- [Task description] Transcribe the entries below with complete accuracy, excluding the pictures.
Top of Data section
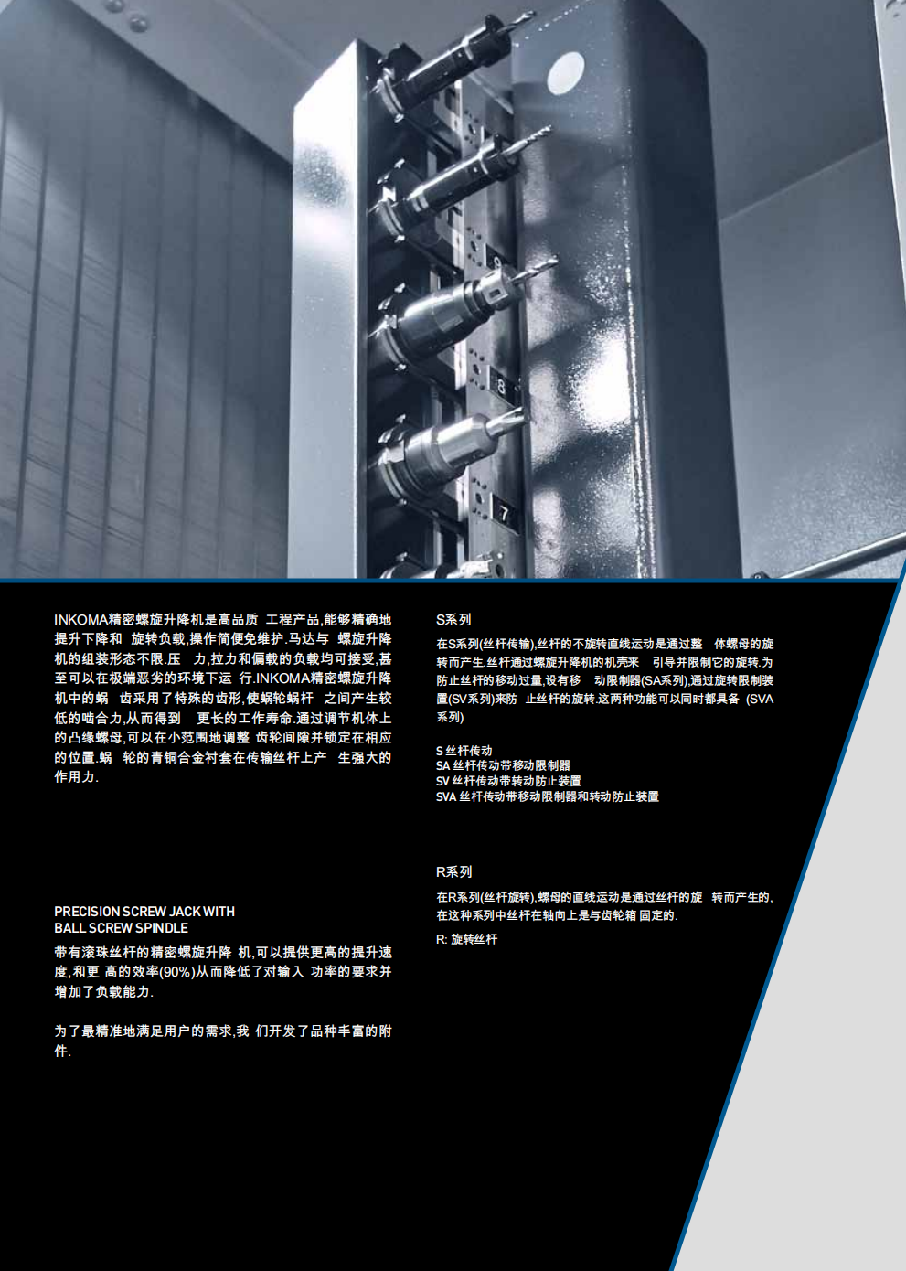 INKOMA精密螺旋升降机是高品质 工程产品,能够精确地提升下降和 旋转负载,操作简便免维护,马达与螺旋升降机的组装形态不限.压 力,拉力和偏载的负载均可接受,甚至可以在极端恶劣的环境下运 行.INKOMA精密螺旋升降机中的蜗 齿采用了特殊的齿形,使蜗轮蜗杆之间产生较低的啮合力,从而得到 更长的工作寿命,通过调节机体上的凸缘螺母,可以在小范围地调整 齿轮间隙并锁定在相应的位置.蜗 轮的青铜合金衬套在传输丝杆上产生强大的作用力.
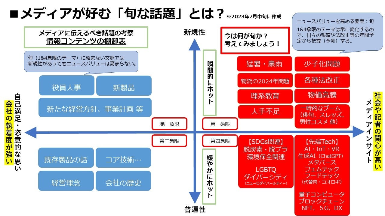 長沼 この方式に気付いていない企業が多いです。初心者の広報によくあるのは、メディア取材の時に売り込みたい話題をアピールするものの興味を持たれず。余談話が出てきた時に、「その話、面白いです」とメディア側に言われる。私も若い頃に経験がありました(笑)。
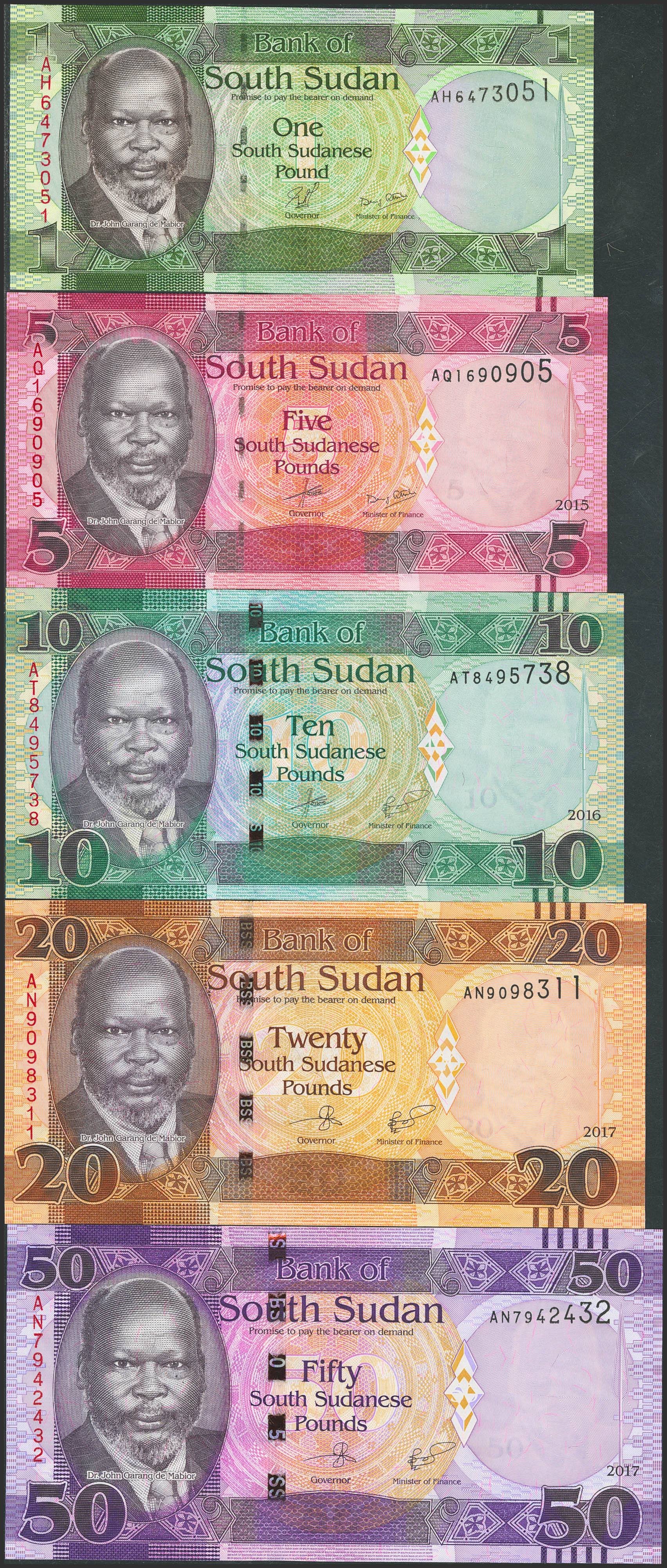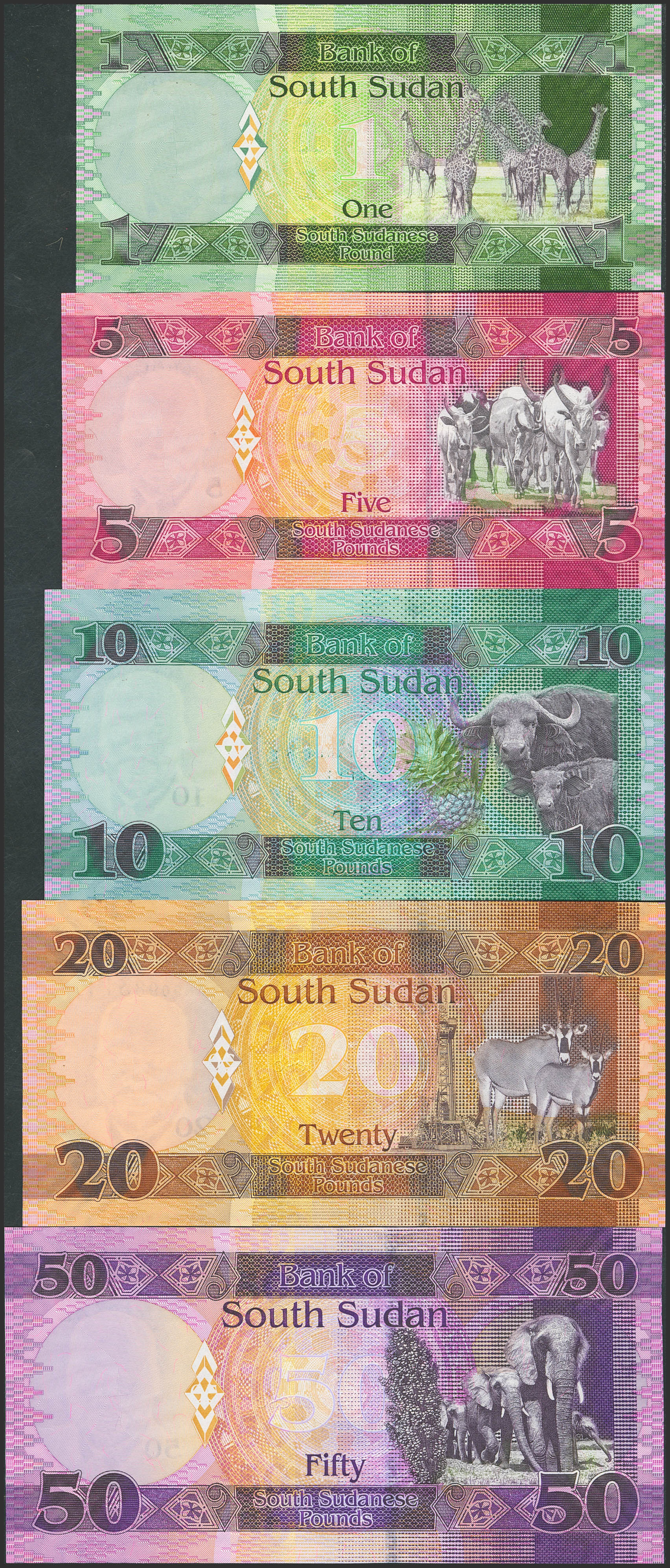 SOUTH SUDAN. Lot of 5 notes from 1 to 50 South Sudanese Pounds. 2011 to 2014. Bank of South Sudan. (Pick: 5, 11, 12b, 13c, 14c). Uncirculated.
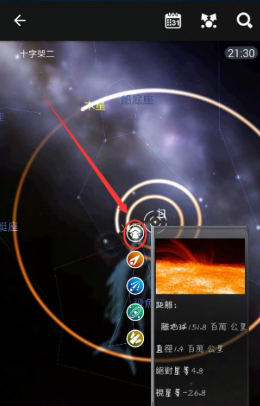 我们还可以在恒星资料左侧点击第一个图标(下图红色箭头所指)这时点击这个图标是可以登录到太阳上的,登录的距离也会计算出的
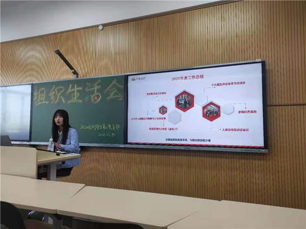 “年度总结”环节,隋峰锐向全体党员作2020年度党支部工作报告,总结了党支部过去一年的成绩,感谢支部党员的支持配合,也提出了支部目前存在的问题,如党员之间融合度不够,与群众联系较少等,同时分享了自己担任支部书记以来,在工作、思想上的变化,也表达了对支部未来的信心。
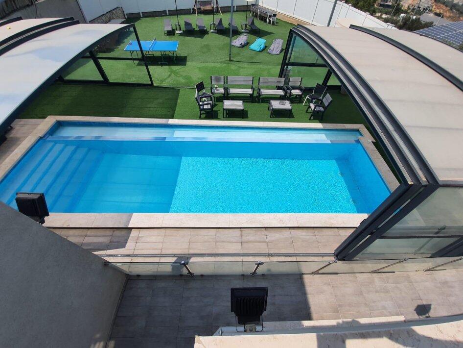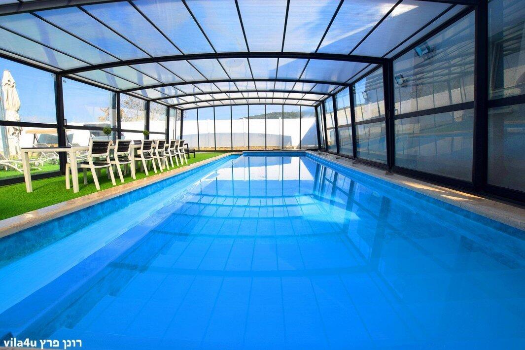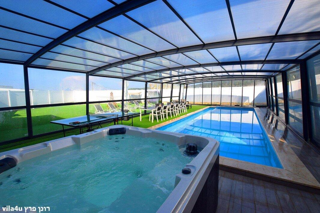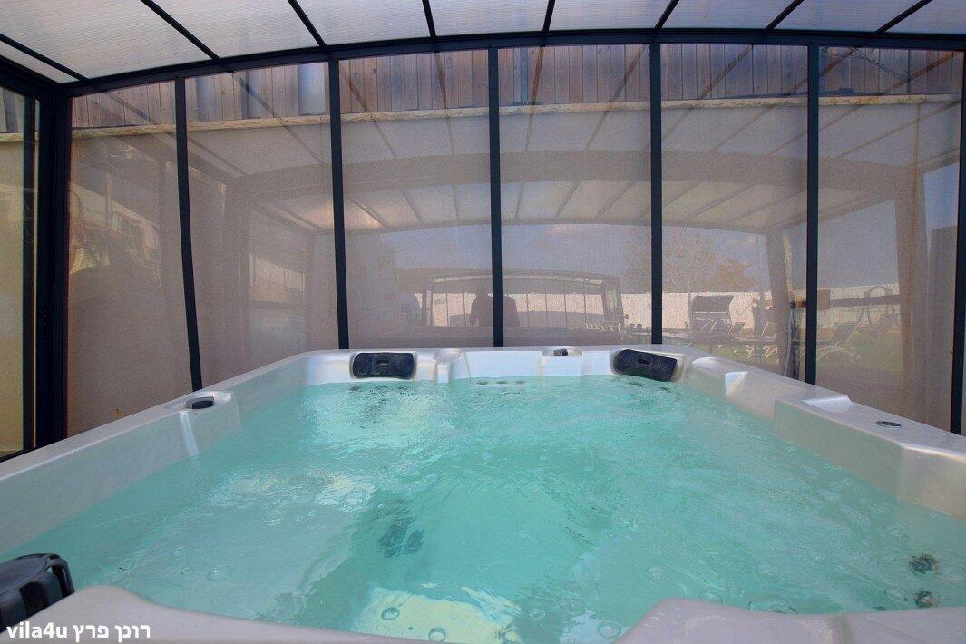 מתחם חיצוני עם בריכת שחייה מחוממת מקורה בגודל 14 מטר שלכל אורכה ישנה בריכה בעומק 20 ס"מ לתינוקות שלכם, ג'קוזי ספא, מדשאות ועוד שלל הפתעות ופינוקים. מהרו להזמין..
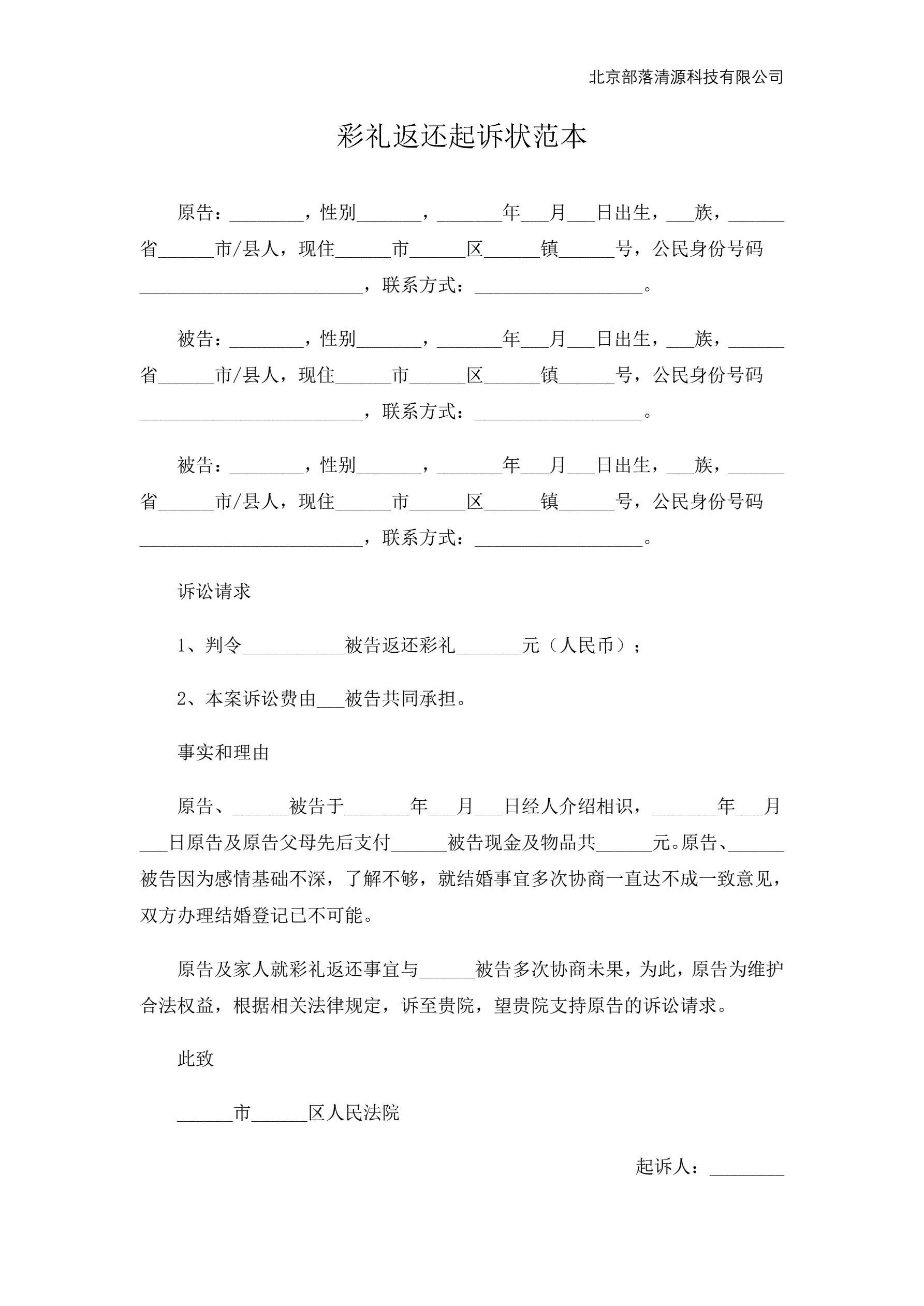 彩礼返还起诉状范本
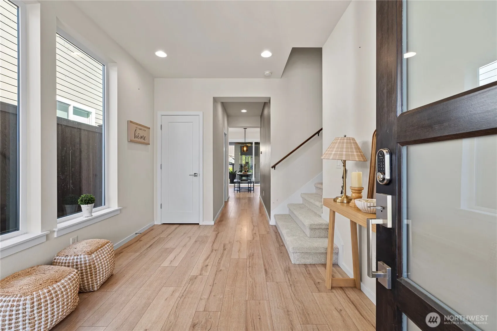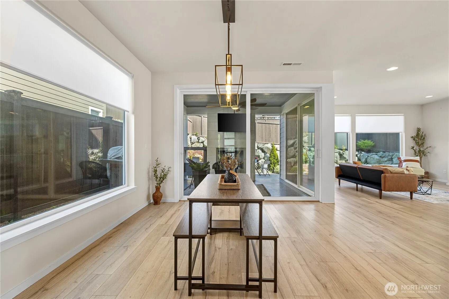 Experience the perfect blend of scale and sophistication in this sought after Eaglemont residence. Spanning 2535 sq. ft this 4 bedroom 2.5 bath home features a signature Great Room floor plan with fireplace in living area for ambiance designed for seamless entertaining. Transition through double sliding doors to your private sanctuary a covered veranda with ceiling fan and gas fireplace, overlooking a massive stamped concrete patio and one of the largest fully fenced yards in the community. Primary bedroom enhanced with french doors into the custom ensuite with double sinks, soaking tub and walk in shower. 2 walk closets and custom organizer. 3 more rooms a full bath and flex room wrap up the second story. Additional upgrades include, tankless water heater, heat pump for ac. The expansive 774 sq ft 3 car garage and massive driveway with room for up to 5 vehicles. Brand new Carpet throughout 2nd level. Nestled in a premium community. Totalled over $100,000.00 in builder upgrades.
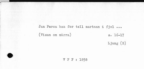 //// Jan Persa han for tell martnan i fjol ... //// ! (Visan om märra) s. 16-17 //// Ljung (R) //// V F F : 1858 ////
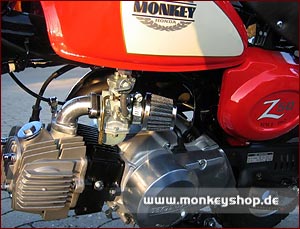 Jincheng Monkey Replica, Motorradzulassung, 3-Ganggetriebe, Fliehkraftkupplung, verstärkte Stoßdämpfer, Tacho 120 Km/h, CDI-Zündung, 12 Volt, 8“ Räder, verchromte Felgen und Schutzbleche, rot, schwarz, dunkelblau, gelb, Gepäckträger 1699 €
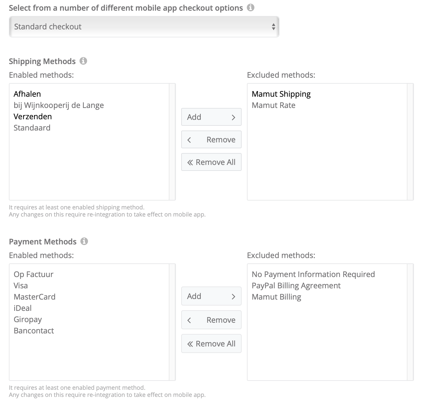 In standard checkout, all available shipping and payment methods in your webshop are imported to your app. Depending on technical limitation and your business, you can enable all shipping/payment methods or disable any mobile-unsupported method or any method you do not want to include in the app.
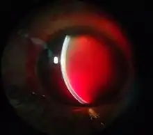 Hyphema is the medical condition of bleeding in the front (anterior) chamber of the eye between the iris and the cornea.[1] People usually first notice a loss or decrease in vision.[1] The eye may also appear to have a reddish tinge, or it may appear as a small pool of blood at the bottom of the iris in the cornea. A traumatic hyphema is caused by a blow to the eye.[1] A hyphema can also occur spontaneously.[2]
Bottom of Data section
- [Result for this task]
 INKOMA精密螺旋升降机是高品质 工程产品,能够精确地提升下降和 旋转负载,操作简便免维护,马达与螺旋升降机的组装形态不限.压 力,拉力和偏载的负载均可接受,甚至可以在极端恶劣的环境下运 行.INKOMA精密螺旋升降机中的蜗 齿采用了特殊的齿形,使蜗轮蜗杆之间产生较低的啮合力,从而得到 更长的工作寿命,通过调节机体上的凸缘螺母,可以在小范围地调整 齿轮间隙并锁定在相应的位置.蜗 轮的青铜合金衬套在传输丝杆上产生强大的作用力.
 長沼 この方式に気付いていない企業が多いです。初心者の広報によくあるのは、メディア取材の時に売り込みたい話題をアピールするものの興味を持たれず。余談話が出てきた時に、「その話、面白いです」とメディア側に言われる。私も若い頃に経験がありました(笑)。
 SOUTH SUDAN. Lot of 5 notes from 1 to 50 South Sudanese Pounds. 2011 to 2014. Bank of South Sudan. (Pick: 5, 11, 12b, 13c, 14c). Uncirculated.
 我们还可以在恒星资料左侧点击第一个图标(下图红色箭头所指)这时点击这个图标是可以登录到太阳上的,登录的距离也会计算出的
 “年度总结”环节,隋峰锐向全体党员作2020年度党支部工作报告,总结了党支部过去一年的成绩,感谢支部党员的支持配合,也提出了支部目前存在的问题,如党员之间融合度不够,与群众联系较少等,同时分享了自己担任支部书记以来,在工作、思想上的变化,也表达了对支部未来的信心。
 מתחם חיצוני עם בריכת שחייה מחוממת מקורה בגודל 14 מטר שלכל אורכה ישנה בריכה בעומק 20 ס"מ לתינוקות שלכם, ג'קוזי ספא, מדשאות ועוד שלל הפתעות ופינוקים. מהרו להזמין..
 彩礼返还起诉状范本
 Experience the perfect blend of scale and sophistication in this sought after Eaglemont residence. Spanning 2535 sq. ft this 4 bedroom 2.5 bath home features a signature Great Room floor plan with fireplace in living area for ambiance designed for seamless entertaining. Transition through double sliding doors to your private sanctuary a covered veranda with ceiling fan and gas fireplace, overlooking a massive stamped concrete patio and one of the largest fully fenced yards in the community. Primary bedroom enhanced with french doors into the custom ensuite with double sinks, soaking tub and walk in shower. 2 walk closets and custom organizer. 3 more rooms a full bath and flex room wrap up the second story. Additional upgrades include, tankless water heater, heat pump for ac. The expansive 774 sq ft 3 car garage and massive driveway with room for up to 5 vehicles. Brand new Carpet throughout 2nd level. Nestled in a premium community. Totalled over $100,000.00 in builder upgrades.
 //// Jan Persa han for tell martnan i fjol ... //// ! (Visan om märra) s. 16-17 //// Ljung (R) //// V F F : 1858 ////
 Jincheng Monkey Replica, Motorradzulassung, 3-Ganggetriebe, Fliehkraftkupplung, verstärkte Stoßdämpfer, Tacho 120 Km/h, CDI-Zündung, 12 Volt, 8“ Räder, verchromte Felgen und Schutzbleche, rot, schwarz, dunkelblau, gelb, Gepäckträger 1699 €
 In standard checkout, all available shipping and payment methods in your webshop are imported to your app. Depending on technical limitation and your business, you can enable all shipping/payment methods or disable any mobile-unsupported method or any method you do not want to include in the app.
 Hyphema is the medical condition of bleeding in the front (anterior) chamber of the eye between the iris and the cornea.[1] People usually first notice a loss or decrease in vision.[1] The eye may also appear to have a reddish tinge, or it may appear as a small pool of blood at the bottom of the iris in the cornea. A traumatic hyphema is caused by a blow to the eye.[1] A hyphema can also occur spontaneously.[2]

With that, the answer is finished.